To my complete and utter shock, Jade burst into laughter. Her face had turned as red as Ichabod’s hair, and tears ran down her face.

 

“That,” she gasped, “is too freaking funny! You have to let me read it sometime!”

 

Ethan grinned, while I shared a look with Aesop — or tried to, at least. Aesop was too busy glaring at the floor to notice me. Before I could say anything about it, though…

 

DING DONNNG!

 

I froze, eyes going wide. It was just McGus’ doorbell, but the sound chilled my blood like the ominous toll of a funeral bell. Dropping the wooden head I was holding, I turned and rushed for McGus’ entryway, the old Green just a couple steps ahead of me. I knew what we would find, but my heart still pounded as hard today as it had when I’d first become his apprentice. Part of me wished that would go away.

 

The other part was afraid of what it would mean if it did.

 

An envelope was waiting on the floor for us when we reached McGus’ entryway, sitting underneath the iron mail slot that was about a hundred years out of date. The mail slot, I thought with another shiver, that only existed on the inside of the door.

 

McGus bent down, picked up the envelope, and held it out to me. I took it, holding my breath as I read the immaculate cursive writing inked across the front.

 

To They Who Bear the Title of Hunter.

 

“What is it?” Ethan asked from behind me.

 

I sighed, closing my eyes. “I’ve got work to do. Come on, let’s get going.”

 

He took a step toward me, but then hesitated. Jade was watching us from the door to the training room. Ethan looked back at her, then at me.

 

“Um, do you think I could,” he paused to clear his throat, “you know, stay here this time?”

 

I shook my head. “Sorry.
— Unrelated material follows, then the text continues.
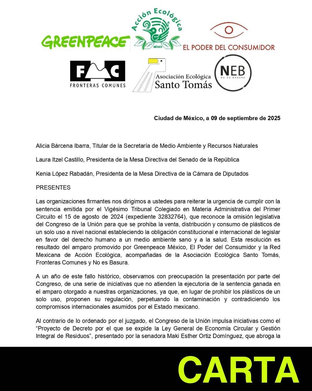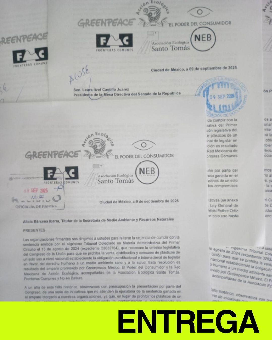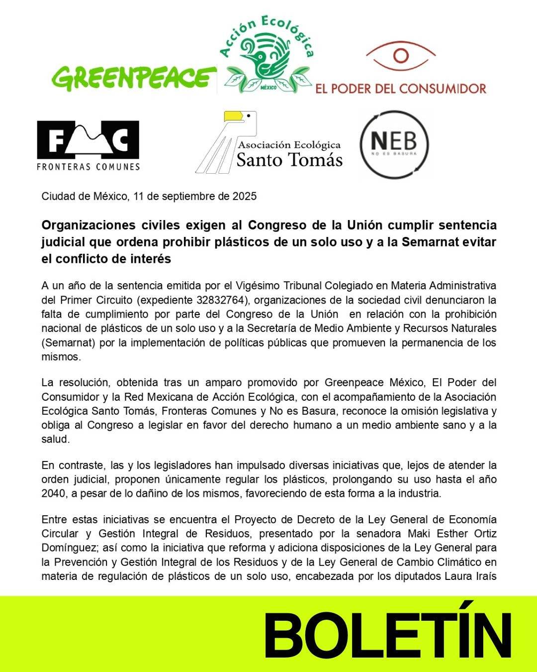 Organizaciones civiles exigen al congreso de la Unión cumplir la sentencia judicial que ordena prohibir plásticos de un solo uso y a SEMARNAT evitar conflictos de interés.

You know what the council will do if—”

 

“Bah, leave him,” McGus grunted, elbowing past me with a dismissive wave. “Those idiots know better than to show their faces here.”

 

I raised my eyebrows. “Are you sure? You won’t, like, murder him or anything?”

 

“No promises,” he said as he disappeared back into the training room.

 

Wow. And people say miracles don’t happen.

 

“Just be careful, okay?” Jade said, stepping forward.

 

I flashed her a grin. “Aren’t I always?”

 

“I’m serious!” she insisted, a worried look on her face. “Something about this feels…”

 

She glanced at Ethan, and her voice trailed off. A shiver went down my spine.

 

“We still have lunch plans later, remember?” Ethan said. “If you died, that’d kinda screw up our whole day.”

 

I looked down at the envelope, then back up at my friends. If Jade was getting weird vibes from all this, then leaving Ethan here was probably a good idea.

 

“Promise me, Henry,” she said softly.

 

I hesitated, then nodded. “I will. I promise.”